I saw my veteran friend, Brenda at the VA Clinic, on my way to the lab. She was so happy to see me, it was impossible not to be happy to see her too. We hugged and and went on our ways.
I went to VA lab and had more blood drawn. I could not wait to get back home and just crash in my bed. Meanwhile, the guys from Pride Restoration were working on the bathroom at home. When I got home, the bathroom was complete with new bathroom fan installed and ceiling painted.
I went and gave Christinia a summary of events, as is usual for me at the end of the day. I was overstuffed from eating a double cheeseburger from Hardee's for lunch and did not want dinner, so I just took my night time medications without food. I went to bed early, but as is usual, woke up shortly later to have to use the bathroom. When I went to update Christinia on things I had forgotten to tell her, we discussed the possibility that there might be a spirit in the house. It creeps us both out. We will be saging the whole house today when everyone is up.
Caleb woke up and told me that there were three marks on legs that hurt this morning. He also thinks there is an entity here. He does not know where the marks came from, as he was sleeping.
Today I got up early because my e-cigarette was malfunctioning and I wanted to vape. I decided to stay up for awhile, and just began writing my blog.
There are no appointments today. I do not know what I will do today, but the hallway carpet needs to be cleaned again because Bella had an accident. She will not go outside in the rain. I finally cleared my gut this this morning and am feeling better since. I weighed in after I used the toilet, and weighed 5 lbs less than yesterday's weight!
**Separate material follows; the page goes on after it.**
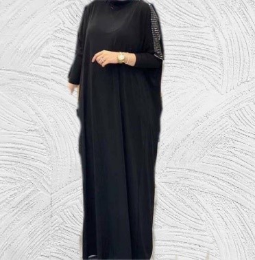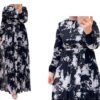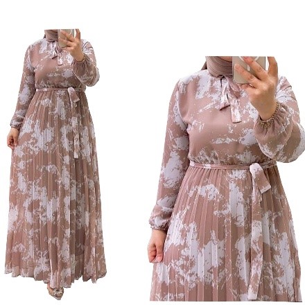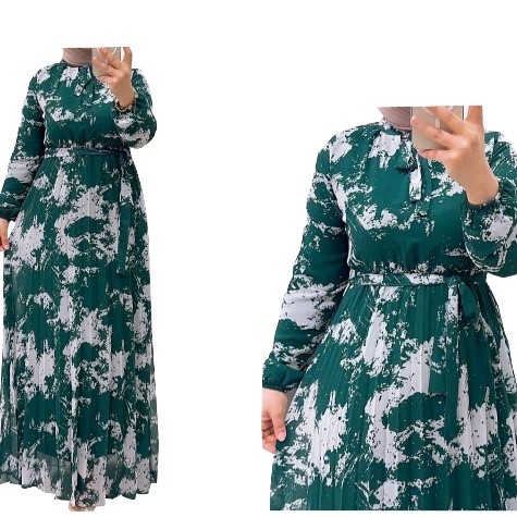 An elegant chiffon floor-length patterned dress designed gathered at the waist with the tiny plastic band with long slim sleeves
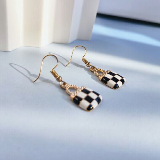 ■おしゃれな「Terse ブラックチェックフックピアス」で、あなたのスタイルをアップデートしてみませんか?このピアスは、可愛らしいチェッカーデザインと豪華なゴールドのフックが組み合わさったお洒落なアイテムです。普段使いや特別なお出かけにもぴったりで、あなたの魅力を輝かせること間違いなしです!

Christinia will be doing schoolwork today, and Caleb needs to get some schoolwork done too. I would like to read a little bit, but do not know if I can. I have been unsuccessful with every attempt to read as I get tired really quickly. I do want to walk on the incline trainer for a little while, if I do nothing else today. I want to move the boxes of Christmas stuff to the shed too. I have to figure out dinner too. It should be a substantially easier day today.